Филипп растерянно пробормотал, что не видит в этом ничего недостойного, более того, многим юношам следовало бы брать пример с господина де Лафайета. Д’Айен скорчил гримаску.
— Мой юный друг, одежды добродетели к лицу лишь тем, кто уже не в силах грешить. Не подумайте, что я вам стану проповедовать порок, о нет! Но чтобы восторжествовать над своими слабостями, прежде нужно им поддаться. Что за доблесть победить противника, с которым не столкнулся лицом к лицу? Вы со мной согласны?
Сегюр поспешно согласился, не вполне понимая, куда клонит собеседник. Герцог продолжал:
— Вы молоды, вам кажется, что вся жизнь у вас впереди. Но время летит быстрее, чем вы думаете, и очень скоро настанет момент, когда о юности придётся говорить в прошедшем времени, семнадцатилетние девы станут считать вас стариком, и вам только и останется, что хранить верность своей супруге, есть на ужин варёную куропатку и разбавлять вино водой. Весь парадокс в том, что, если господин де Лафайет услышит подобное от вас, а не от меня, он задумается, а не станет возмущаться. Так что Саrре diem[3], как говорит наш друг Гораций!
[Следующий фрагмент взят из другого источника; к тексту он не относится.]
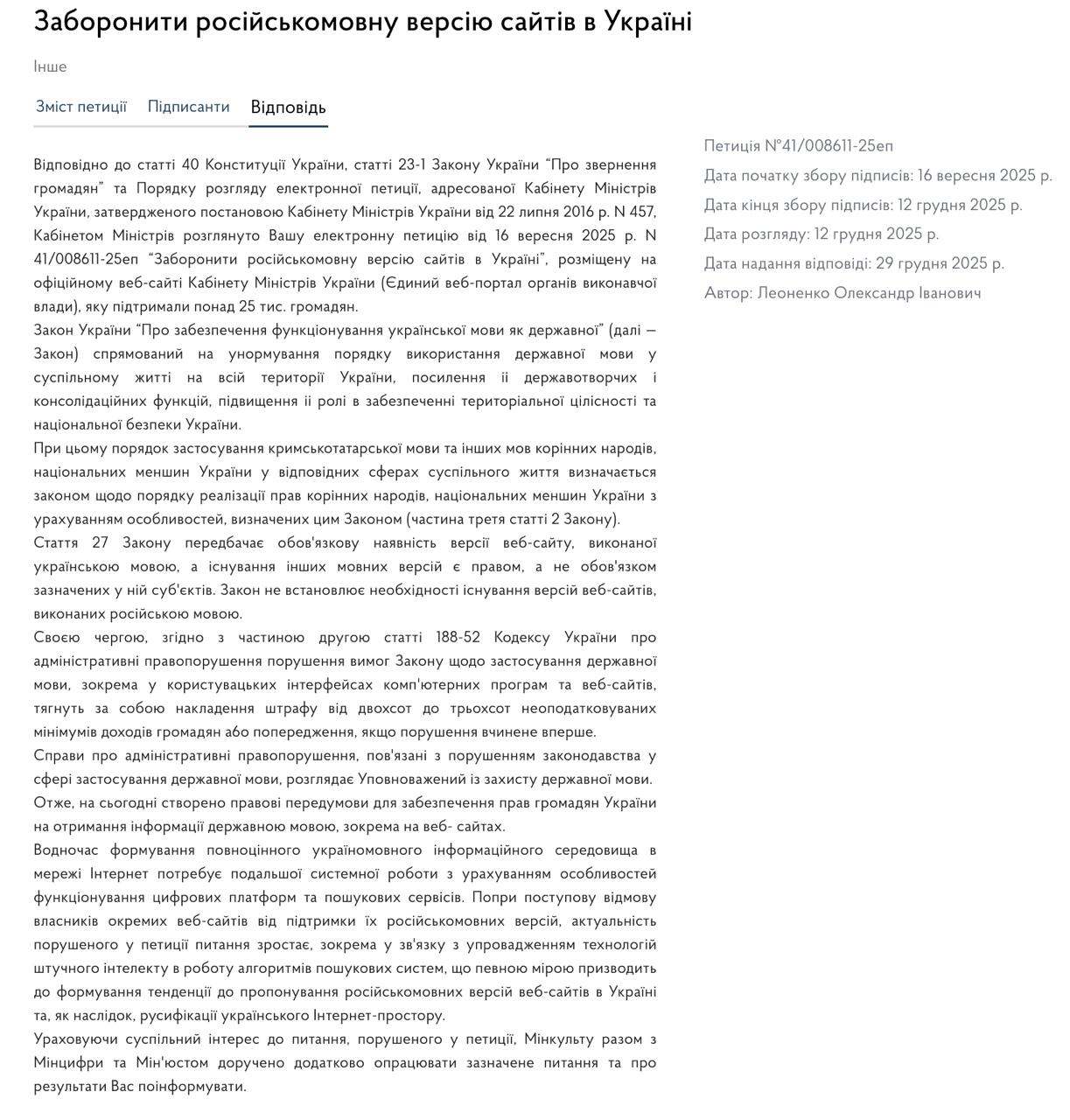 Петиція, що з'явилася 16 вересня, до початку грудня набрала 25 690 голосів з необхідних для відповіді 25 тисяч. Її автор Олександр Леоненко обурювався: "Для кого передбачено російськомовну версію сайтів в Україні? Якщо для росіян, то навіщо ми створюємо сайти для нашого ворога, який прийшов з війною нас вбивати? Якщо для громадян інших країн, то міжнародною мовою є англійська, а не російська".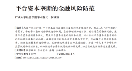 日前,beat365手机版官网入口经济学院/中国-东盟金融合作学院何诚颖教授的论文《平台资本垄断的金融风险防范》正式发表于人民论坛·学术前沿(2023年第16期)。作者分析了数字经济时代平台资本垄断泛金融化的态势,厘清了平台资本垄断基本涵义,聚焦了平台资本发展的特性和趋势,认识了平台资本发展中面临的金融风险及其形成机理,并提出了相关政策建议。

На этих словах, потрепав Сегюра по плечу, герцог мгновенно растворился в толпе, оставив юношу в полнейшем недоумении.
Жильбера захватил водоворот парижской жизни. Нужно было делать и отдавать визиты, слушать в Опере «Ифигению в Авлиде» маэстро Глюка, бывшую у всех на устах, посещать с тестем-химиком лекции естествоиспытателя Жюсьё и сеансы физических опытов, на которые пошли из любопытства госпожа д’Айен и Адриенна, танцевать на балах и участвовать в пирушках. Поздно возвращаясь домой, он иногда без сил валился на постель и засыпал, пока слуга стягивал с него сапоги. Свеча, поставленная на столик, выхватывала из темноты стопку книг, приготовленных для чтения на ночь, и Жильберу становилось совестно. За три месяца, проведённых в Меце, он понял, как ничтожны его познания в военном деле и сколько ему придётся навёрстывать. Он дал себе слово пополнить зимой пробелы в своём образовании и накупил трактатов по военному искусству, но книги так и лежали нераскрытыми. В конце концов, прочесть их можно будет и в Меце, где, в общем-то, больше нечем заняться. А здесь, в Париже, нужно ловить каждый миг, тем более что Жильбер старался извлекать пользу даже из развлечений.
Чопорный, стылый, унылый в своей роскоши Версаль всё еще оставался затхлым царством стариков, и молодой двор, точно магнитом, тянуло в Париж. Эти вылазки делались инкогнито, и игра с переодеваниями, налёт тайны и нарушения запретов ещё усиливали веселье, горяча кровь. Вот и сегодня, привычно поднявшись по скрипучей лестнице на второй этаж таверны «Деревянный меч» на улице Ломбардов, Лафайет застал там младшего брата короля в окружении своих «рыцарей».